* **Task requirements**
Restate all entries exactly. Skip the images.

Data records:

◇ ◇ ◇ ◇ ◇ ◇ ◇

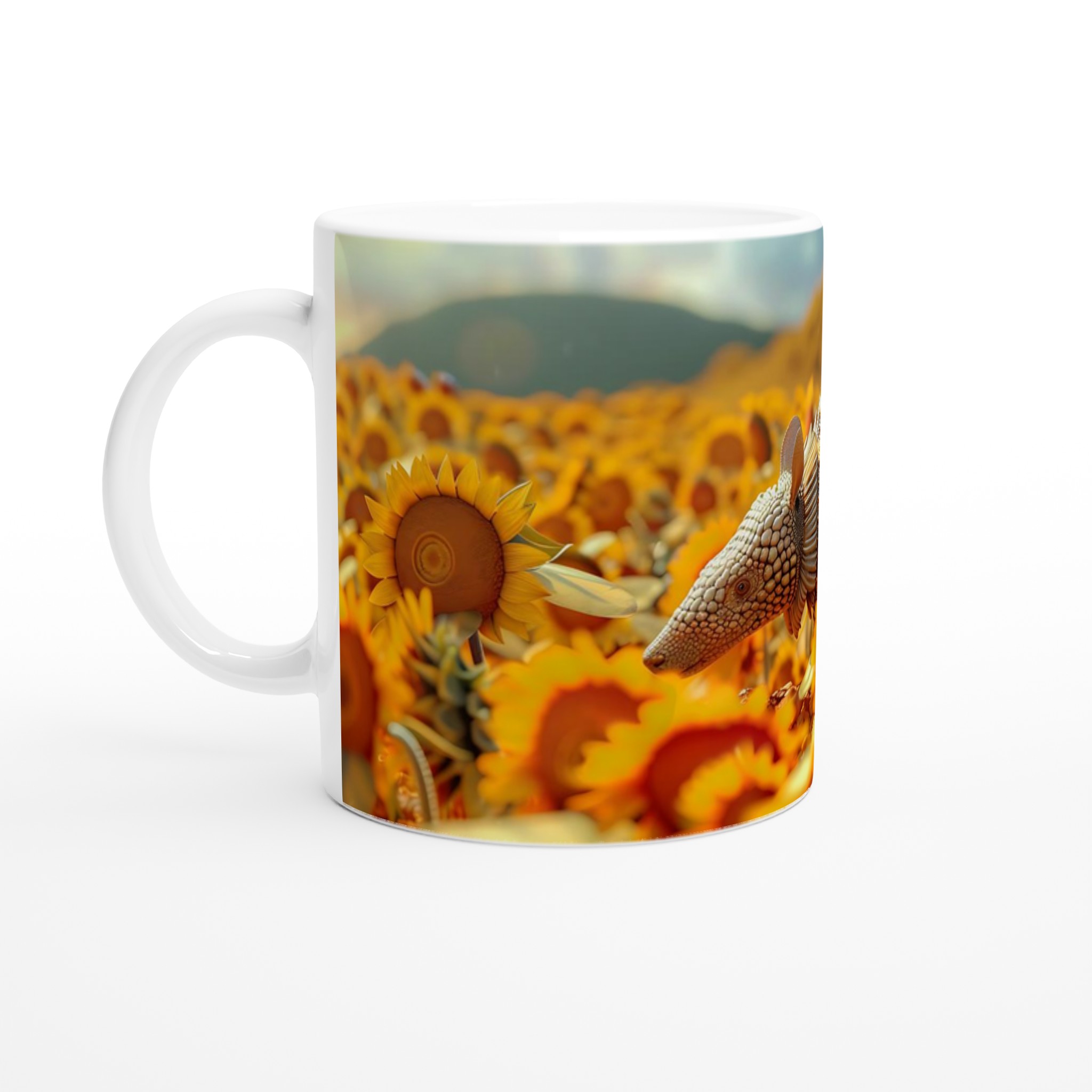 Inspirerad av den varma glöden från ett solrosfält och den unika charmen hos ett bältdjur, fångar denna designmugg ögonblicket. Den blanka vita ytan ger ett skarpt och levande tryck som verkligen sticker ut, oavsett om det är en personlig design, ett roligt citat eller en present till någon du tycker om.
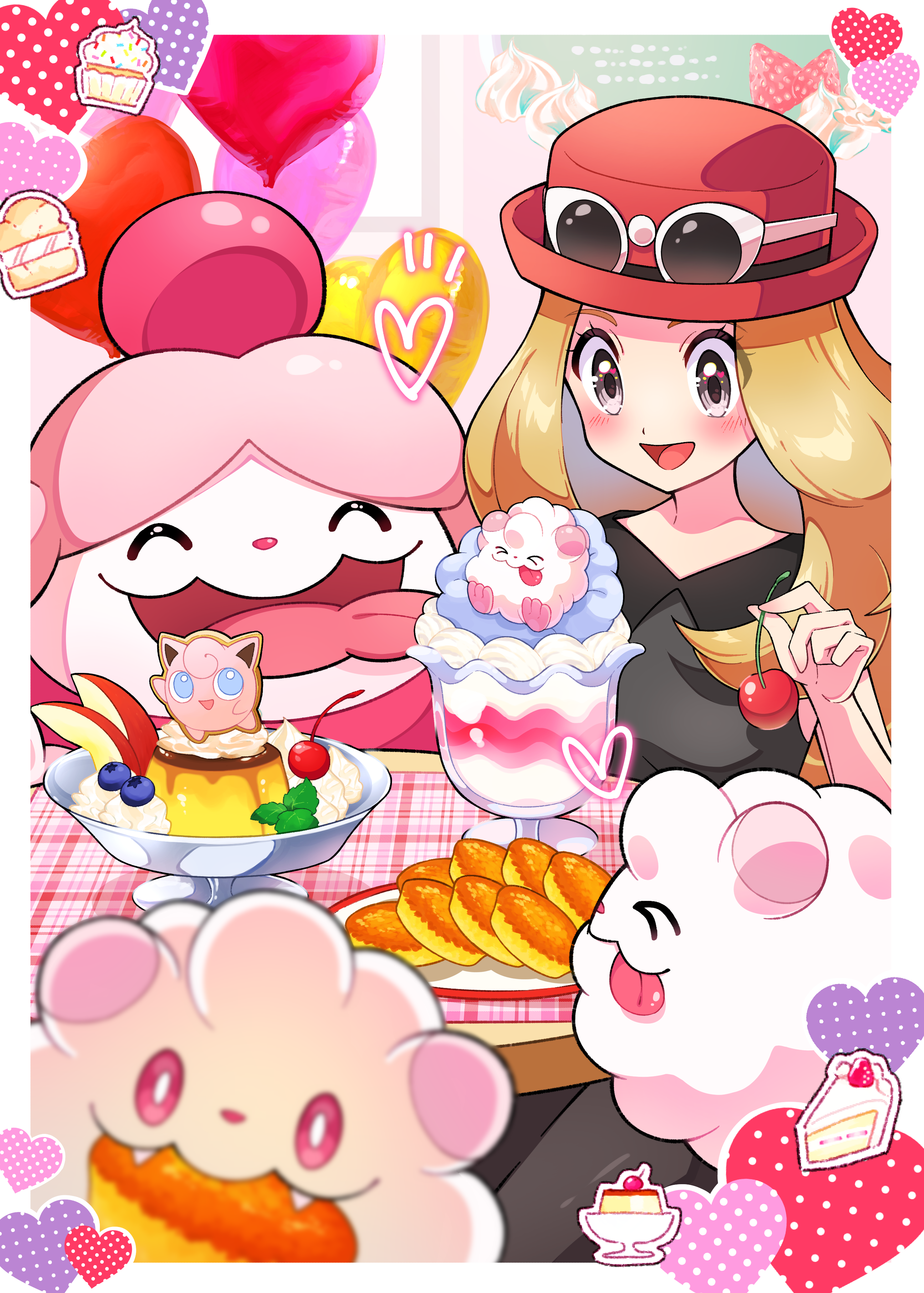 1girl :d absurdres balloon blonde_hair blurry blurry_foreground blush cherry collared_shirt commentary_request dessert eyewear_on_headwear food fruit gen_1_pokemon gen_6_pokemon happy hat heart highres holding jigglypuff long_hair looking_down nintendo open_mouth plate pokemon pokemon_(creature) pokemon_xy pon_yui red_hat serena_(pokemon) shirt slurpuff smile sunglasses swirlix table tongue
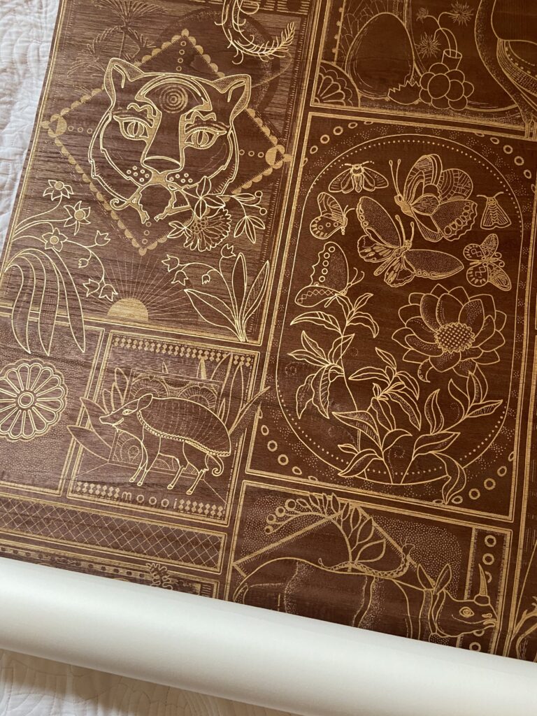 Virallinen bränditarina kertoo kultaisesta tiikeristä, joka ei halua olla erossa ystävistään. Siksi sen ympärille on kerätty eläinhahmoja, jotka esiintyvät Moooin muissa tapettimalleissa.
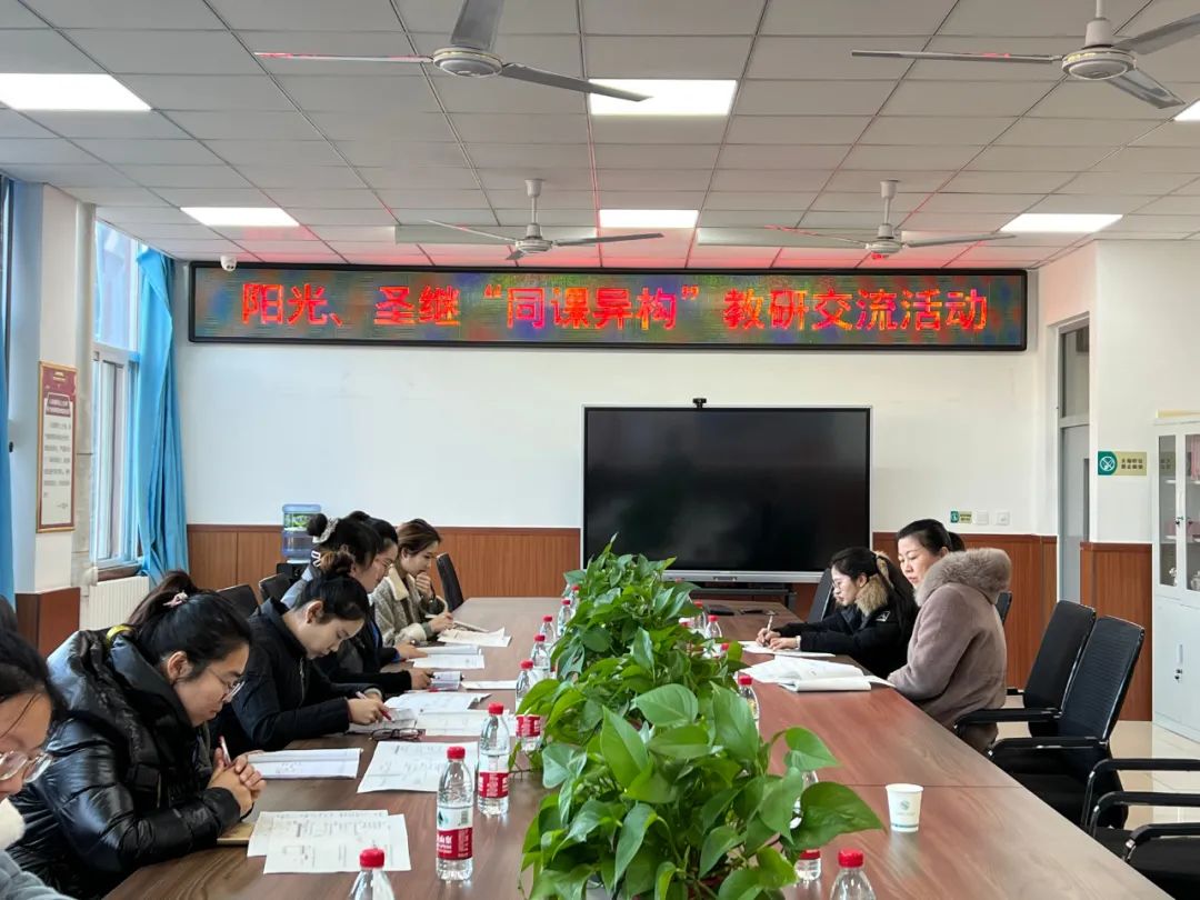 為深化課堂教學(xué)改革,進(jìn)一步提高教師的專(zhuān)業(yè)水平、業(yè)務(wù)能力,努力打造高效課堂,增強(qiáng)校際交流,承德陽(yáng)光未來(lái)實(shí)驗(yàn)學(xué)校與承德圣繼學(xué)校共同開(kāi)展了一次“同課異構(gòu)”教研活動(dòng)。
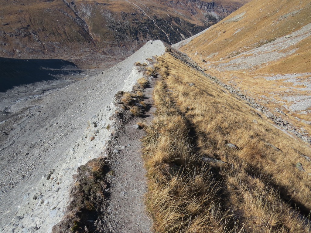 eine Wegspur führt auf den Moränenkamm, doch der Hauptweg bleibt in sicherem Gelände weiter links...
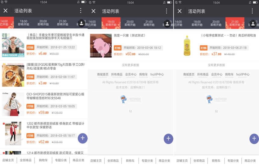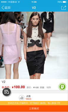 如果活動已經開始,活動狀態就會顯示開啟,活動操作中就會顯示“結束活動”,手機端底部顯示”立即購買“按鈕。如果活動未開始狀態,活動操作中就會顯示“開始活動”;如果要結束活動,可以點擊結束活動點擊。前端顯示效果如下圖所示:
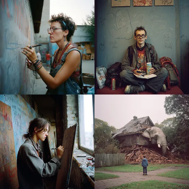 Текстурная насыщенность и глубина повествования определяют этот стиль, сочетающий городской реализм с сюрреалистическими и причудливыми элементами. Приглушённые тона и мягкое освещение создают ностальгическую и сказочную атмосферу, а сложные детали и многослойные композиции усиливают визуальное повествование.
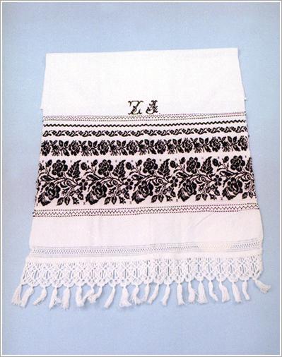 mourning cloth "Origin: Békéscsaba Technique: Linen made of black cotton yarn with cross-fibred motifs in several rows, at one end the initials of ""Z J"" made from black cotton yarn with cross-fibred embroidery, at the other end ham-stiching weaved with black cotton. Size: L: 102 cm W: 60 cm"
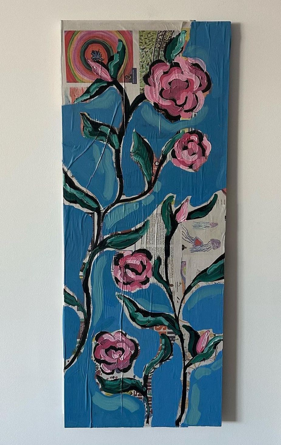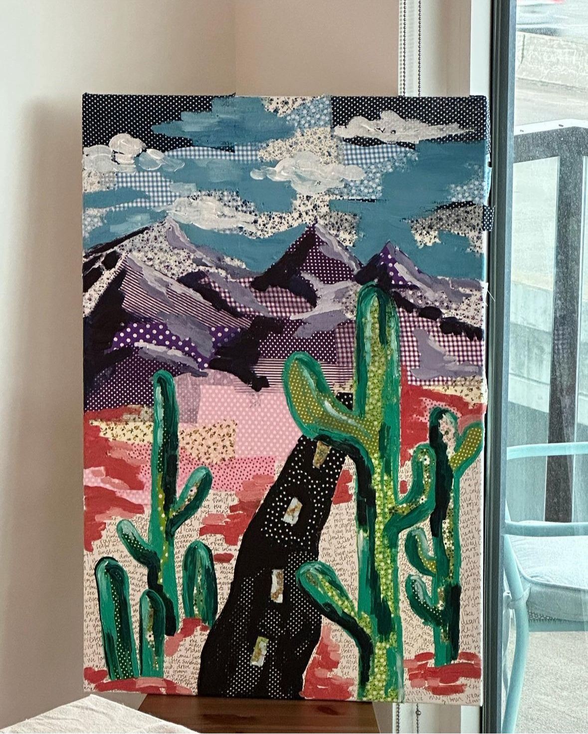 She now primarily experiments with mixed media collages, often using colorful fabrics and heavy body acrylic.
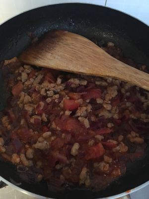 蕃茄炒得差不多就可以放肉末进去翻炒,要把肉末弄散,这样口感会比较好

◇ ◇ ◇ ◇ ◇ ◇ ◇

* **Task answer**
 Inspirerad av den varma glöden från ett solrosfält och den unika charmen hos ett bältdjur, fångar denna designmugg ögonblicket. Den blanka vita ytan ger ett skarpt och levande tryck som verkligen sticker ut, oavsett om det är en personlig design, ett roligt citat eller en present till någon du tycker om.
 1girl :d absurdres balloon blonde_hair blurry blurry_foreground blush cherry collared_shirt commentary_request dessert eyewear_on_headwear food fruit gen_1_pokemon gen_6_pokemon happy hat heart highres holding jigglypuff long_hair looking_down nintendo open_mouth plate pokemon pokemon_(creature) pokemon_xy pon_yui red_hat serena_(pokemon) shirt slurpuff smile sunglasses swirlix table tongue
 Virallinen bränditarina kertoo kultaisesta tiikeristä, joka ei halua olla erossa ystävistään. Siksi sen ympärille on kerätty eläinhahmoja, jotka esiintyvät Moooin muissa tapettimalleissa.
 為深化課堂教學(xué)改革,進(jìn)一步提高教師的專(zhuān)業(yè)水平、業(yè)務(wù)能力,努力打造高效課堂,增強(qiáng)校際交流,承德陽(yáng)光未來(lái)實(shí)驗(yàn)學(xué)校與承德圣繼學(xué)校共同開(kāi)展了一次“同課異構(gòu)”教研活動(dòng)。
 eine Wegspur führt auf den Moränenkamm, doch der Hauptweg bleibt in sicherem Gelände weiter links...
 如果活動已經開始,活動狀態就會顯示開啟,活動操作中就會顯示“結束活動”,手機端底部顯示”立即購買“按鈕。如果活動未開始狀態,活動操作中就會顯示“開始活動”;如果要結束活動,可以點擊結束活動點擊。前端顯示效果如下圖所示:
 Текстурная насыщенность и глубина повествования определяют этот стиль, сочетающий городской реализм с сюрреалистическими и причудливыми элементами. Приглушённые тона и мягкое освещение создают ностальгическую и сказочную атмосферу, а сложные детали и многослойные композиции усиливают визуальное повествование.
 mourning cloth "Origin: Békéscsaba Technique: Linen made of black cotton yarn with cross-fibred motifs in several rows, at one end the initials of ""Z J"" made from black cotton yarn with cross-fibred embroidery, at the other end ham-stiching weaved with black cotton. Size: L: 102 cm W: 60 cm"
 She now primarily experiments with mixed media collages, often using colorful fabrics and heavy body acrylic.
 蕃茄炒得差不多就可以放肉末进去翻炒,要把肉末弄散,这样口感会比较好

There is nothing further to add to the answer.